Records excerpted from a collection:
□ □ □

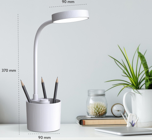Настольная LED-лампа Forever Light PURE FLB-20 AGNES сочетает минималистичный дизайн и функциональность рабочего места. Встроенный держатель для ручек/карандашей и регулируемое плечо лампы делают её пригодной для учебы, работы и домашнего использования. Светодиод с мощностью 5 Вт обеспечивает достаточное освещение для задач и атмосферы, а функция плавной регулировки яркости и выбор цветовых температур (тёплый белый, нейтральный белый, холодный белый) позволяют подстроить свет под нужды. Питание осуществляется через USB-C, есть встроенный аккумулятор (~1200 мА·ч) — до ~6 часов работы без провода. Сенсорное управление делает использование простым. Цвет — белый, гармонирует с современным интерьером. Технические характеристики:
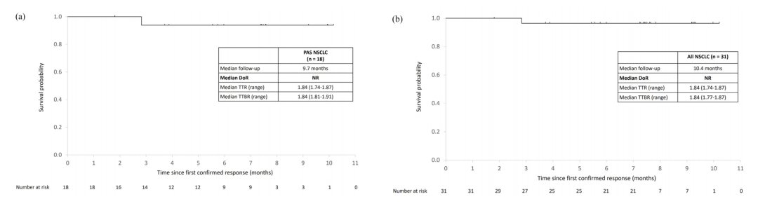 △图3.PAS(a)和所有NSCLC患者(b)的缓解持续时间Kaplan–Meier估计曲线
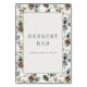 This elegant table number features a charming dessert bar sign surrounded by a delicate floral border with muted green and beige tones. The design showcases intricate illustrations of leaves, berries, and pinecones, creating a cosy and inviting atmosphere perfect for weddings or parties. The clean typography in the centre highlights the phrase "Dessert Bar" in an easy-to-read serif font, encouraging guests to indulge in sweet treats. The overall style is sophisticated yet approachable, making it ideal for enhancing any event's ambiance.
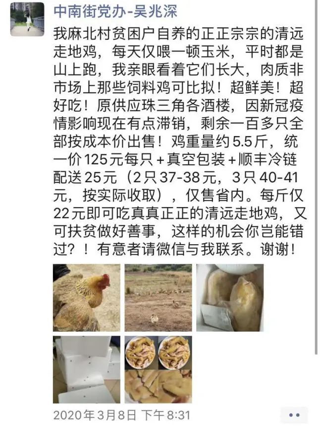 2020年年初的时候,正是疫情防控最紧张的时期,麻北村养殖户家里的清远鸡因为餐馆关门没有了销路,愁眉不展,吴兆深在走访的时候了解到村民们的难处,主动提出在自己的朋友圈帮忙推销,“以前养殖户们都是直接把鸡送去餐馆,疫情的时候餐馆都不开门,我就到把信息发在朋友圈里,看看能不能帮到忙!”
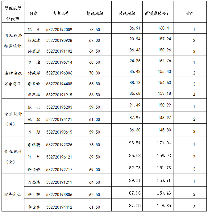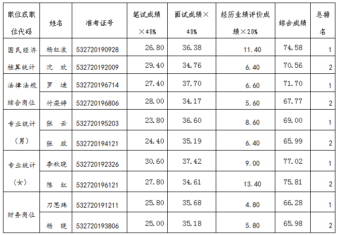 注:若考生對(duì)本人成績(jī)有異議,可于2020年1月23日前向普洱市統(tǒng)計(jì)局提出查分申請(qǐng)。由普洱市統(tǒng)計(jì)局委托受邀對(duì)本次遴選工作進(jìn)行監(jiān)督的人大代表、政協(xié)委員進(jìn)行查分,并將結(jié)果告知。
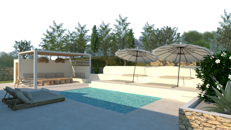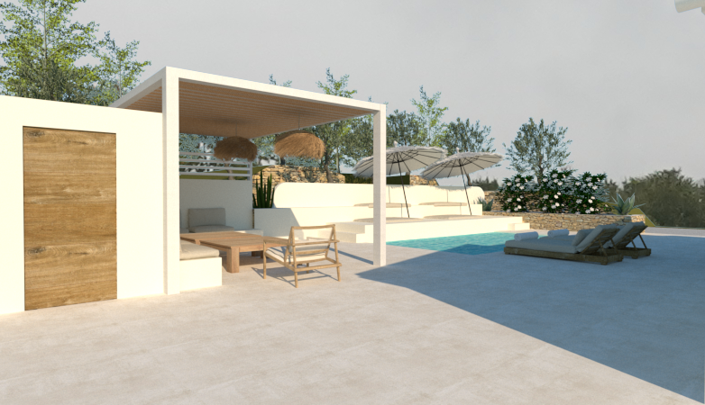 Création d’un intérieur et d’un extérieur pour une maison de vacances de 160m² au Puy-Sainte-Réparade.

□ □ □

* [What this task involves]: Verbatim repeat, images removed: give each entry again exactly as it reads.

* [Your solution]:
Настольная LED-лампа Forever Light PURE FLB-20 AGNES сочетает минималистичный дизайн и функциональность рабочего места. Встроенный держатель для ручек/карандашей и регулируемое плечо лампы делают её пригодной для учебы, работы и домашнего использования. Светодиод с мощностью 5 Вт обеспечивает достаточное освещение для задач и атмосферы, а функция плавной регулировки яркости и выбор цветовых температур (тёплый белый, нейтральный белый, холодный белый) позволяют подстроить свет под нужды. Питание осуществляется через USB-C, есть встроенный аккумулятор (~1200 мА·ч) — до ~6 часов работы без провода. Сенсорное управление делает использование простым. Цвет — белый, гармонирует с современным интерьером. Технические характеристики:
 △图3.PAS(a)和所有NSCLC患者(b)的缓解持续时间Kaplan–Meier估计曲线
 This elegant table number features a charming dessert bar sign surrounded by a delicate floral border with muted green and beige tones. The design showcases intricate illustrations of leaves, berries, and pinecones, creating a cosy and inviting atmosphere perfect for weddings or parties. The clean typography in the centre highlights the phrase "Dessert Bar" in an easy-to-read serif font, encouraging guests to indulge in sweet treats. The overall style is sophisticated yet approachable, making it ideal for enhancing any event's ambiance.
 2020年年初的时候,正是疫情防控最紧张的时期,麻北村养殖户家里的清远鸡因为餐馆关门没有了销路,愁眉不展,吴兆深在走访的时候了解到村民们的难处,主动提出在自己的朋友圈帮忙推销,“以前养殖户们都是直接把鸡送去餐馆,疫情的时候餐馆都不开门,我就到把信息发在朋友圈里,看看能不能帮到忙!”
 注:若考生對(duì)本人成績(jī)有異議,可于2020年1月23日前向普洱市統(tǒng)計(jì)局提出查分申請(qǐng)。由普洱市統(tǒng)計(jì)局委托受邀對(duì)本次遴選工作進(jìn)行監(jiān)督的人大代表、政協(xié)委員進(jìn)行查分,并將結(jié)果告知。
 Création d’un intérieur et d’un extérieur pour une maison de vacances de 160m² au Puy-Sainte-Réparade.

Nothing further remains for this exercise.